• [EXERCISE DIRECTIONS]:
Transcribe the data in full and exactly, omitting any pictures.

• [SUPPLIED MATERIAL]:
════════════════════
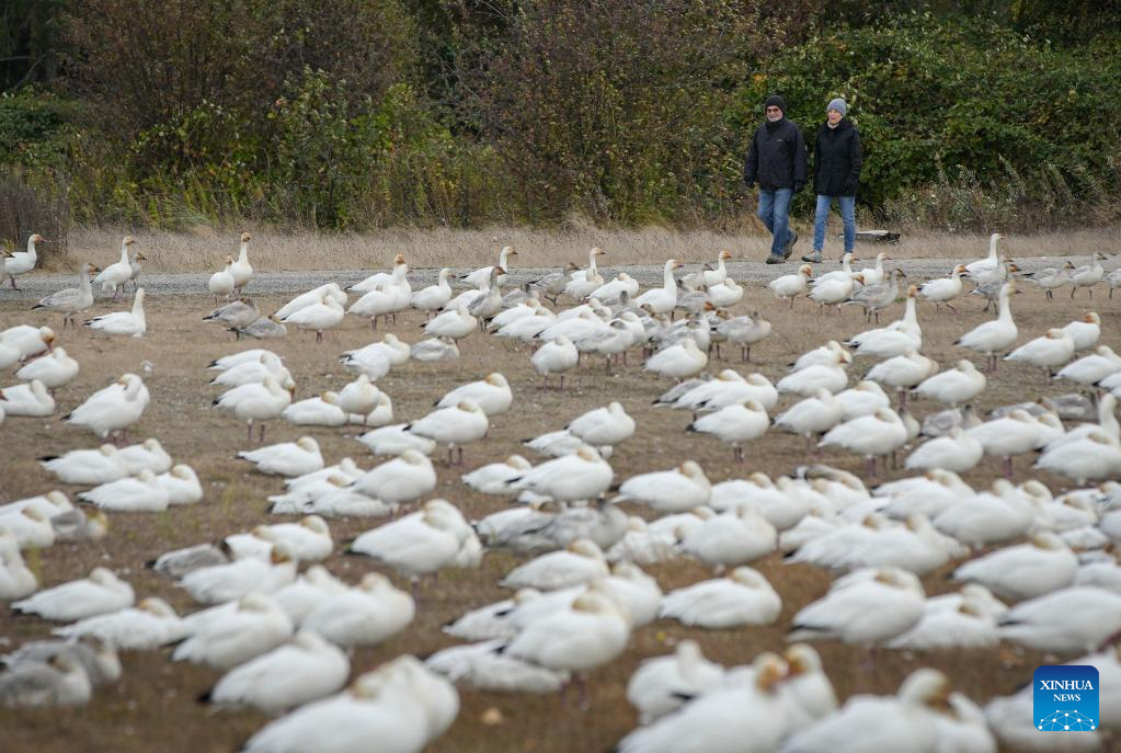 Snow geese are seen at Garry Point Park in Richmond, British Columbia, Canada, on Oct. 27, 2022. (Photo by Liang Sen/Xinhua)
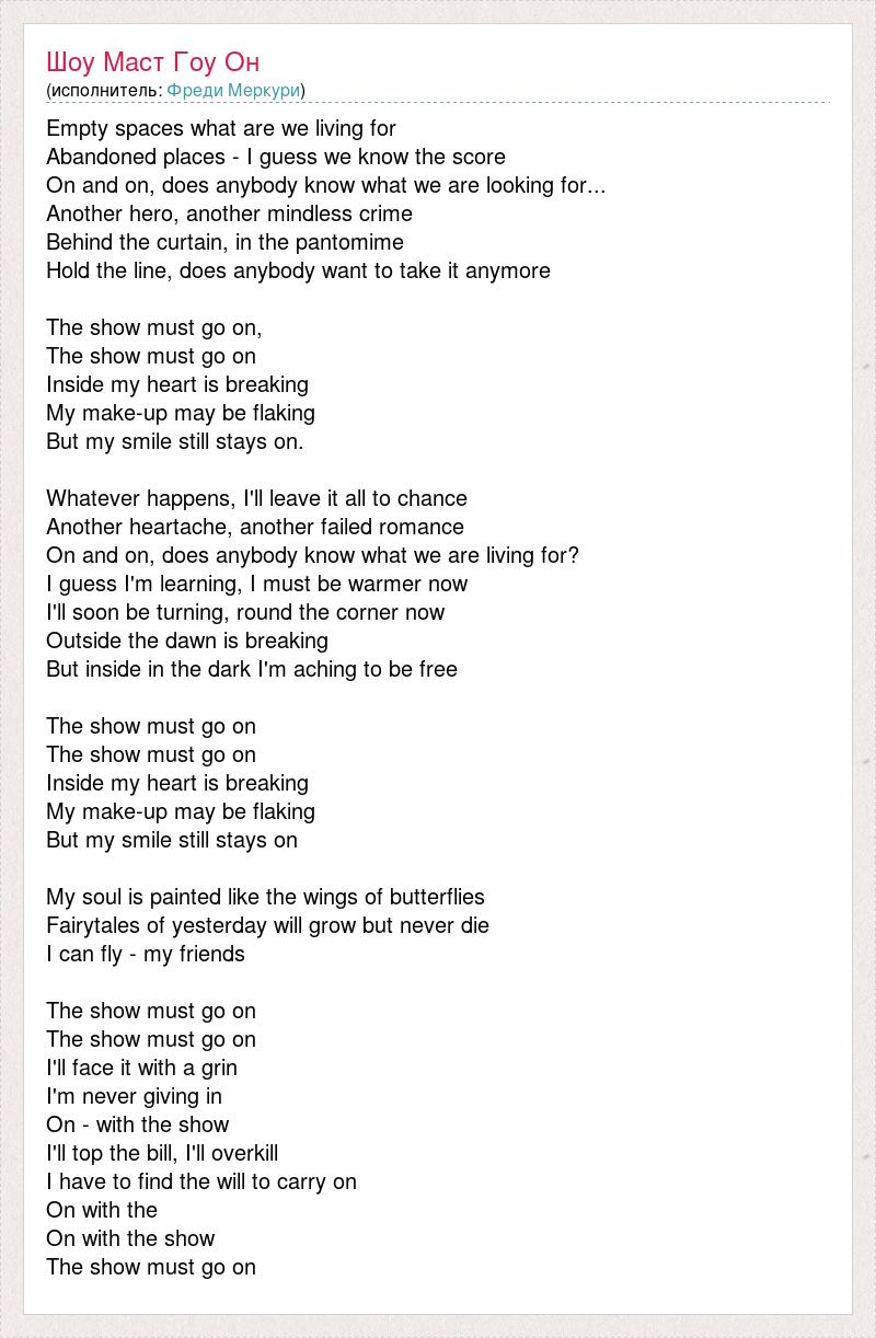 Empty spaces what are we living for Abandoned places - I guess we know the score On and on, does anybody know what we are looking for... Another hero, another mindless crime Behind the curtain, in the pantomime Hold the line, does anybody want to take it anymore The show must go on, The show must go on Inside my heart is breaking My make-up may be flaking But my smile still stays on. Whatever happens, I'll leave it all to chance Another heartache, another failed romance On and on, does anybody know what we are living for? I guess I'm learning, I must be warmer now I'll soon be turning, round the corner now Outside the dawn is breaking But inside in the dark I'm aching to be free The show must go on The show must go on Inside my heart is breaking My make-up may be flaking But my smile still stays on My soul is painted like the wings of butterflies Fairytales of yesterday will grow but never die I can fly - my friends The show must go on The show must go on I'll face it with a grin I'm never giving in On - with the show I'll top the bill, I'll overkill I have to find the will to carry on On with the On with the show The show must go on
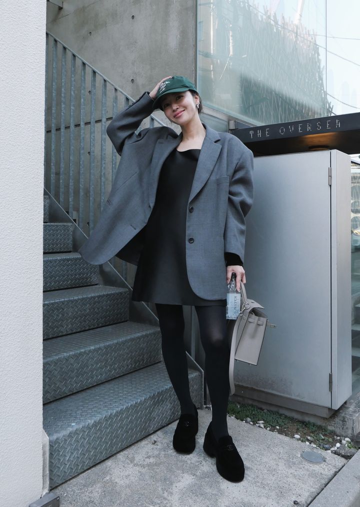 高品質ポリエステル×ヴァージンウールのオーバーサイズジャケットを羽織って、ブラックにグレーを重ねることで深みのある秋冬の表情に。
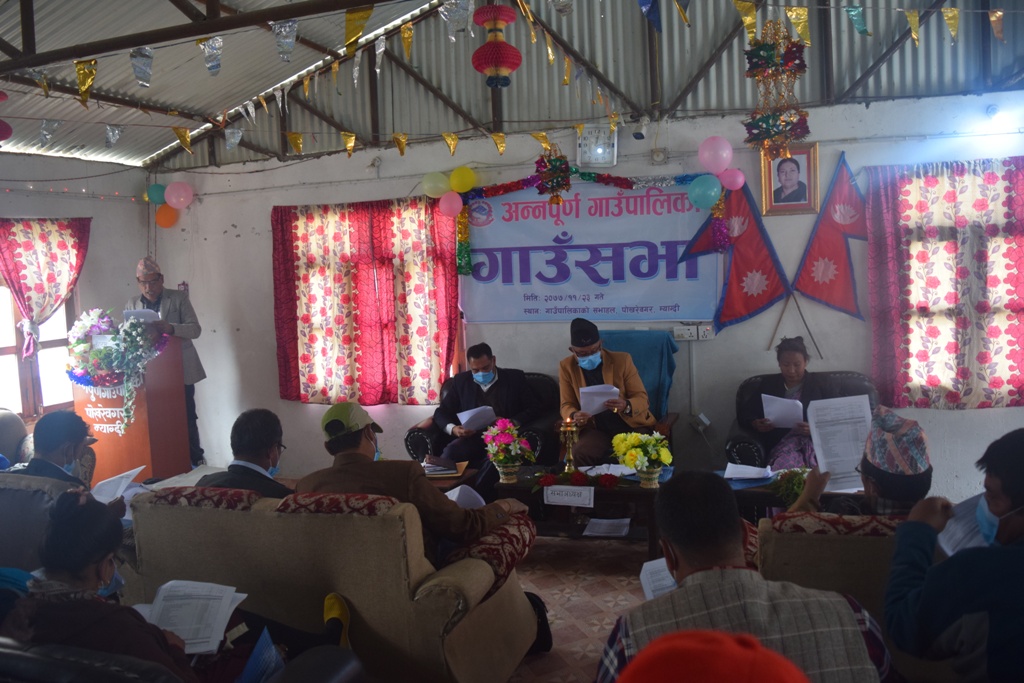 म्याग्दी २३ फागुन । म्याग्दीको अन्नपूर्ण गाउँपालिकाको गाउँसभा आइतबार पोखरेबगरमा सम्पन्न भएको छ । चालु आर्थिक वर्षको योजना तथा बजेट संसोधन, शिक्षा र वातावरण सम्बन्धी बिधेयक पारित गरेको गाउँसभामा गाउँपालिका र वडा बिभाजन गर्ने प्रस्ताव पेश भएको छ ।
════════════════════
• [OUTPUT FOR THIS TASK]:
 Snow geese are seen at Garry Point Park in Richmond, British Columbia, Canada, on Oct. 27, 2022. (Photo by Liang Sen/Xinhua)
 Empty spaces what are we living for Abandoned places - I guess we know the score On and on, does anybody know what we are looking for... Another hero, another mindless crime Behind the curtain, in the pantomime Hold the line, does anybody want to take it anymore The show must go on, The show must go on Inside my heart is breaking My make-up may be flaking But my smile still stays on. Whatever happens, I'll leave it all to chance Another heartache, another failed romance On and on, does anybody know what we are living for? I guess I'm learning, I must be warmer now I'll soon be turning, round the corner now Outside the dawn is breaking But inside in the dark I'm aching to be free The show must go on The show must go on Inside my heart is breaking My make-up may be flaking But my smile still stays on My soul is painted like the wings of butterflies Fairytales of yesterday will grow but never die I can fly - my friends The show must go on The show must go on I'll face it with a grin I'm never giving in On - with the show I'll top the bill, I'll overkill I have to find the will to carry on On with the On with the show The show must go on
 高品質ポリエステル×ヴァージンウールのオーバーサイズジャケットを羽織って、ブラックにグレーを重ねることで深みのある秋冬の表情に。
 म्याग्दी २३ फागुन । म्याग्दीको अन्नपूर्ण गाउँपालिकाको गाउँसभा आइतबार पोखरेबगरमा सम्पन्न भएको छ । चालु आर्थिक वर्षको योजना तथा बजेट संसोधन, शिक्षा र वातावरण सम्बन्धी बिधेयक पारित गरेको गाउँसभामा गाउँपालिका र वडा बिभाजन गर्ने प्रस्ताव पेश भएको छ ।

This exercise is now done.